The OpenVid-1M dataset is a good stress test: it’s video-heavy, and video is where the “metadata table over here, blobs over there” pattern that’s commonly used today starts to creak. In Lance, the large blobs (videos) are stored alongside the scalar data in the same table, allowing you to package the data in a single table that you can easily share and reuse. This is in contrast to the Parquet versions of several popular multimodal datasets, where the binary assets tend to be stored separately, either in different directories, or in different repos entirely.

With the video blob data in Lance, you can query it in place on Hugging Face – scan and filter on metadata while projecting only the scalar columns (skipping the video bytes) to narrow down what you care about without copying the entire dataset. Once you’ve identified the subsets you want, you can download only what’s needed. This enables rapid exploration of large multimodal datasets with minimal unnecessary I/O.

Here’s the high-level workflow that demonstrates how simple this is using Lance:

Scan and filter the metadata without touching the video bytes (column projection + predicate pushdown).
Fetch a single video blob on demand (random access) and save just that one to disk.

Under the hood, Lance’s blob abstraction plays an important role in improving performance, because take_blobs(...) returns a file-like object that lazily reads the underlying bytes, rather than forcing you to download the entire MP4 into memory (or write it to disk) up front. Since it behaves like a regular file handle, you can pass it directly to video tooling libraries like PyAV or ML libraries like torchcodec.

Lance helps Hub users perform “video-native” operations – seek frames up to a time offset, decode only a particular window, skip irrelevant frames, and sample/shuffle them for training jobs – while only reading the portions of the blob you actually touch, which is exactly what you want when searching through large datasets.

2. Build the index once, reuse everywhere

One of Lance’s most important design choices is that indexes are first-class citizens of the format. A Lance dataset can bundle the raw data, derived embeddings, and the indexes built over those embeddings in a single artifact – and you can open the dataset and search the index directly from the Hub. A typical Lance dataset on the Hub would look something like this:

console

├── _indices
├── _transactions
├── _versions
├── data
│   ├── 000001.lance
│   ├── 000002.lance
│   ├── ...
│   └── 00000x.lance

Because the index is part of the dataset (and not managed and synced separately via an external system), consumers of the dataset don’t need to repeat the most expensive steps just to get started. On large multimodal datasets, embedding generation and index construction can dominate time and cost, so being able to reuse precomputed embeddings and indexes means you immediately benefit from the work others have already done.

3. Fast random access for search and training

Using Lance for distributed loading of a large genomic dataset (150B rows with sparse vectors and nested fields) into my training pipeline, I was able to achieve 10-20x the throughput of the streaming data loader from the Hugging Face datasets library.

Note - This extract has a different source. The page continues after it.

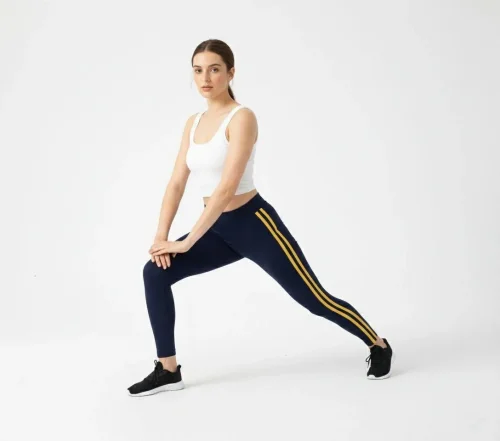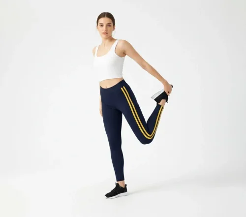 • Leginsy z lycry z żółtym paskiem po bokach – czarne

– Pavan Ramkumar , Lance user and ML researcher

Lance is designed for fast random access, and its users are already pushing the format to support training workloads at massive scale (see this issue on GitHub). Training workloads tend to use a common access pattern – many workers doing small, random reads against a single table on object storage, with column projection and caching to keep I/O bounded. Lance helps with this class of workloads because of the following systems-level features:

Fast random access and scans: pull a subset of rows / blobs you need without “walking” a directory of millions of objects, and rapidly shuffle and load them into batches for large-scale distributed training.
Fewer metadata roundtrips: the dataset layout efficiently stores mixed-width data in one place for both scanning and retrieval, reducing the I/O overhead that shows up at scale.
Pre-computed artifacts: when embeddings and indexes are part of the dataset artifact, consumers can reuse them during the exploration phase, instead of copying the entire dataset and rebuilding locally.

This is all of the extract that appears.